There are hundreds of operating Ethanol production plants in the US alone. Are we to believe that all of these business people are working with stupid investment bankers who see that they pay out more money in raw material and production costs than they make in revenues from product sales ?!

The price of E85 fuel is always at least 20 cents lower than both regular unleaded gasoline and diesel.

The physics law of Conservation of Energy also prevents these biofuel producers from making the excess energy output (above the energy inputs) from nothing and then allowing them to sell that.

David Pimentel, professor of ecology, needs only to look up into the sky, at that strange ball of fire, to see where the surplus energy comes from.
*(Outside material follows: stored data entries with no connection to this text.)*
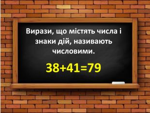 Вирази, що містять числа і знаки дій, називають числовими.38+41=79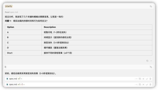 使用/clarify指令会生成 5 个针对性的需求澄清问题,好在它不会像评审会那样“折磨你”,而是给你一系列参,你只需要选择,它就会更新需求文档。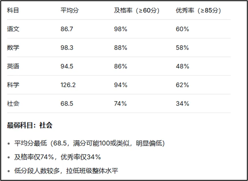 全班成绩出来,我盯着Excel捣鼓了1小时也没结果,直到我把数据喂给了DeepSeek,它直接告诉我:谁进步了、谁退步了、哪科最弱、该找谁谈话

Now my premise above is entirely specious if farmers work for free, on land they do not own, and pay wildy cheap prices for the fuels they use. The producers also do not pay their employees, work in other people's buildings, with equipment that just appeared one day, and they violate one of the most imprtant laws of physics every day.
Worse of yet, are those silly Europeans, who are paying $4.00 and $5.00 a gallon for fuel used to produce crops like rapeseed for biodiesel.

What you need is a professor of ECONOMICS to make this analysis, Dave!

I cannot stop. Dave, production of biofuels do not contribute to "... air, water and soil pollution and global warming." The crops take CO2 out of the atmosphere and buring the biofuels merely puts it back. That means NET ZERO CO2 emissions! That means no increase in global warming due to excessive green house gas emissions.

There are no benzenes, nor sulfur, nor nitrogen coming from the buring of oxigenated hydrocarbons like ethanol or biodiesel. Those pollutants only come from fossil fuels like gasoline and petroleum diesel. That means no air pollution.